Site icon Aragon Research

Google Jumps Into Marketing: Is Analytics Enough?

By: Patricia Lundy

Last week Google announced Google Analytics 360 Suite for enterprise marketers. Currently available in limited Beta, it’s essentially a data center that integrates with your CRM platform to reveal insights about digital customer journeys with the goal of making your ads, website, and social engagements not only more relevant, but tailored specifically to the needs of certain buyer behaviors and profiles. These capabilities also enable marketers to find prospective buyers across all of their online channels who are similar to their current customers, a feature that is especially relevant and strategic as marketers increasingly find themselves striving for sales and marketing alignment.

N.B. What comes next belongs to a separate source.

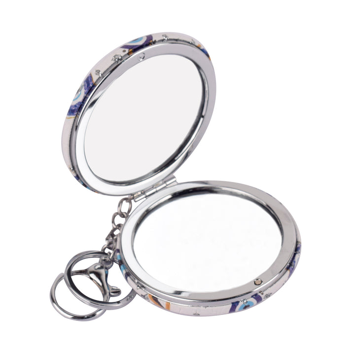 Round Evil Eye Keychain with Foldable Mirror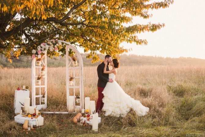 В заключение несколько слов о свадебных фотографиях, которые останутся у вас на всю жизнь. Разноцветные листья и мягкий солнечный свет – идеальные декорации для сказочных снимков. Даже если на праздник пойдет дождь, поверьте, для профессионального фотографа он не будет помехой. И главное – наслаждайтесь подготовкой и самой свадьбой!

Google Analytics 360 Suite vs. Adobe Marketing Cloud

While some press (such as TechCrunch) have asserted that Google Analytics 360 Suite will challenge Adobe’s Marketing Cloud, our view is that they won’t, at least, not unless they add additional capabilities, such as the ability to send email campaigns. Email is still an integral part of the marketer’s strategy – an “old standard” if you will. Adobe Marketing Cloud has this, making it a complete platform, like Salesforce Marketing Cloud and Marketo (whose applications are available in bundles), among others.

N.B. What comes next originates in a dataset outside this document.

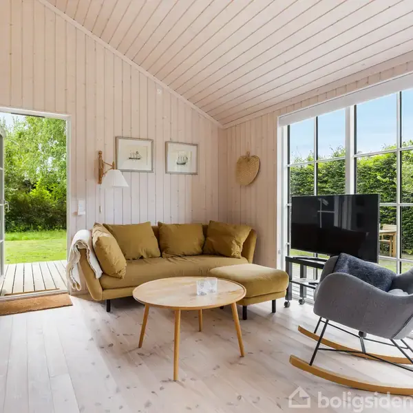 Allerede ved ankomsten til denne indbydende fritidsbolig i Horneby Fælled fornemmes den ro og afslappede atmosfære, der kendetegner ét af områdets mest attraktive hjørner. Huset er opført i 2020 med stor fokus på moderne linjer, funktionalitet og æstetik. Du mærker straks, hvordan boligen ligger fredeligt og trygt i et område fyldt med harmoni. Den klassiske træfacade går flot i spænd med lange, indbydende terrasser, som elegant forbinder hjemmet til den skønne, grønne have. Den sydvendte terras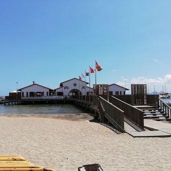 The beach provides complete facilities including showers, toilets, sun loungers, lifeguard services, and designated swimming areas for families.

Google Analytics 360 Suite is a data and analytics suite, so a comparison to Adobe Marketing Cloud isn’t necessarily appropriate. Google’s suite will be ideal for large enterprises who have a marketing team dedicated to analytics, or SMB who have Marketing Analysts. More often than not, SMB marketing teams are in search of a complete suite – and they will not find that in Google Analytics 360 Suite – at least, not in this iteration.

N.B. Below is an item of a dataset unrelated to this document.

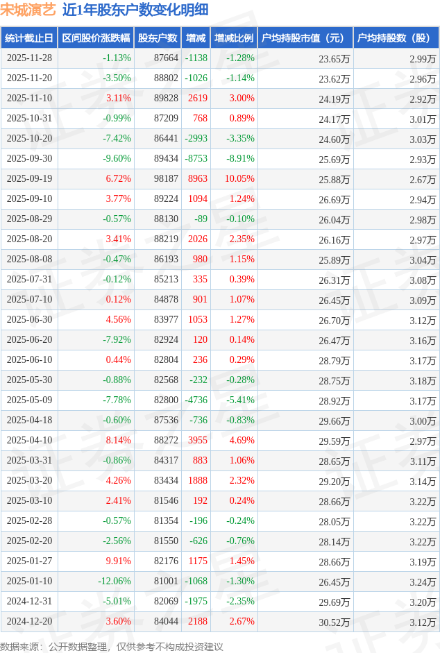 从股价来看,2025年11月20日至2025年11月28日,宋城演艺区间跌幅为1.13%,在此期间股东户数减少1138.0户,减幅为1.28%。

The Rise of the Niche Marketing Platform

Google Analytics 360 Suite is just one type of marketing platform. Another popular type is the content marketing platform (think Percolate) which is ideal for content marketers and social media marketers. These platforms are perfect for an extensive marketing team that has myriad roles – but what about if you are a small or medium sized business with a marketing team that has limited resources?

Marketing platforms have saturated the applications market. There are so many to choose from with so many different capabilities. Choosing which platform – or which platforms – to use depends on the needs of your team. It all comes down to how people work. Will your small marketing team benefit from an analytics platform, a content marketing/scheduling platform, and a complete marketing automation platform? More is not always better.

Choosing Which Platform Is Right for You

When looking at Marketing Tools and Platforms, keep in mind that there advantages of a one-vendor solution, and there are disadvantages, too. In addition to the platform or suite’s capabilities, the key thing to remember when evaluating Marketing Tools for your enterprise is who will use them. Here are some additional questions to ask yourself:

While a platform that specializes in Digital Analytics, such as Google Analytics 360 Suite, can deliver impressive insights, most users can already pull analytics from their current marketing automation platform as well as directly from social channels (such as Twitter analytics) and ad campaigns. The features that comprise Google Analytics 360 Suite aren’t revolutionary – they have simply been integrated into one platform. Additionally, it’s important to note that Google’s suite focuses on providing metrics for a very specific part of the customer profile and journey – the journey that relates to Google advertising products (AdWords, DoubleClick Bid Manager, AdSense, & AdMob).

Marketing Tools Should Streamline Your Process – Not Impede It

Platforms are all about streamlining the digital marketing process and keeping things organized. While the insights gleaned from platforms with a specific approach to one aspect of digital marketing – such as Google Analytics 360 Suite – can be valuable to understanding your customers and prospective buyers, there are marketing platforms with additional capabilities (such as email campaigns and online event management) that already provide analytics about the customer journey. Platforms, suites, and clouds should be evaluated against how they make the digital marketer’s job easier, whether that marketer is specifically in charge of analytics or oversees a much large part of the enterprise digital marketing strategy.